Craig Mertens, President, Digital Art Solutions


----------



## sjidohair (Apr 9, 2008)

Craig,, 
Thanks for responding ,So the support Das gives Free, or included in the purchase price,, Now that makes a lot of sense.
Craig is there a area where forum members that dont have the Das system can go in and play with the software to see what it can do,, kinda test drive it before purchaseing?
Thanks again for the time to reply,, I know time is something none of us have enough of now days,
I also think it would be great if any of the support guys wanna come on the forum or your self and show some examples of what Das Can do.
I myself own 3 different systems and know I need each one for different performance levels.
MMM


----------



## allhamps (Mar 15, 2007)

Sandy Jo, I don't know Craig's answer to the "test drive" software, but I do know that DAS has approximately 10 video sessions on their website that show you what the rhinestone system does. These are what I viewed before I purchased the system, and I was salivating just watching. They cover everything from the generalities of what the system does, to some additional information like making rhinestone designs from fonts and clip art. The videos are clear, concise and very easy to understand. I watched the entire series and was ready to go as soon as my system arrived. I was up and making designs BEFORE I even looked at the manual. That's how descriptive the videos are. Also, I've only had to contact Tech Support a very few times in my 3+ years of ownership, but they have always been prompt, professional and right on point with a solution to the issue. Overall, in my PERSONAL experience, DAS has been nothing but awesome. (Yes, I've made myself a DAS Cheerleader 4 Life t-shirt).


----------



## DASBoss (Dec 11, 2008)

Sandy Jo, we have have always offered free support, so there is no extra charge built in to any of our products. We do have several video overviews of the the system on the main rhinestonesystem.com web site. This will provide a basic overview of SmartCut Pro 2.0 and is more of an introductory training. I just completed 5 hours of training videos for Smart Designer X4. The software has integrated tutorials, so the user can click on a topic inside the software and play a movie. The movie screen can be resized and floated in the workspace or it can be setup as a flyout.
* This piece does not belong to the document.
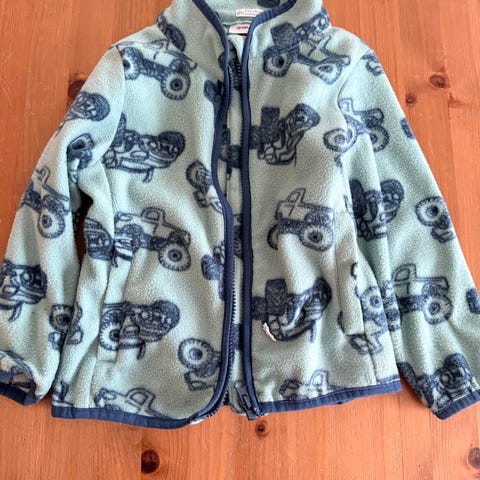 Godt brukt fleecejakke fra Guppy, str 104. Hel og fin, noen bruksmerker og nupper (Se bilder), men masse bruk igjen. Ingen flekker eller hull som jeg kan finne. Motiv av monstertruck.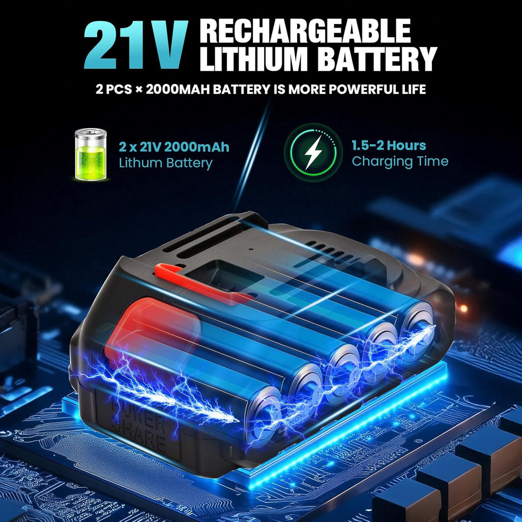 - Work Longer with Two 21V Batteries: Comes with two high-capacity lithium batteries that deliver consistent power and longer runtime—ideal for uninterrupted trimming sessions.

The user can practice lesson and hover the mouse over the media player to pop up the movie, start, stop, pause, replay, etc.... The best way for a forum user to get a peek at the software is to contact one of our account executives and schedule a personalized web demo. Also, anyone can pop into our public Webinars. The schedule is posted under Webcasts at smartdesigns.com. We try to maintain a level of exclusivity with our training as it is has always been one of the big benefits of working with our organization. Unfortunately we have had to be less open with public information, as the site was ending up as the "R and D" (Rip off and Duplicate) department for other companies. I have to run because I am teaching the CorelDRAW class at the ISS Ft Worth Show this morning.


----------



## sjidohair (Apr 9, 2008)

ok guys so if someone intended to only use the design elements of Das,, for Rhinestone application
What would be the least of the software required to enable them to create designs, 
Could they do it with just Smart cut 2 and Corel?
Or is there More needed for Design only.
Gail, I know you love DAS and your work is Beautiful,, I also love the idea of your das cheerleader shirt, lol...
MMM


----------



## DASBoss (Dec 11, 2008)

Sandy Jo,The minimum investment is going to be SmartCut Pro 2.0 Rhinestone Edition which includes Stone Stencils Volume 1 (stock designs and rhinestone fonts) plus the Training and Marketing Guide. The client does not have to order our materials, but 99% opt for a complete solution. We really know what we are doing and this knowledge and experience is part of what a client is investing in. The Training and Marketing Guide is a really big deal. We introduced our laser system, so there is a different set of supplies, but otherwise the system is identical for laser engravers.


----------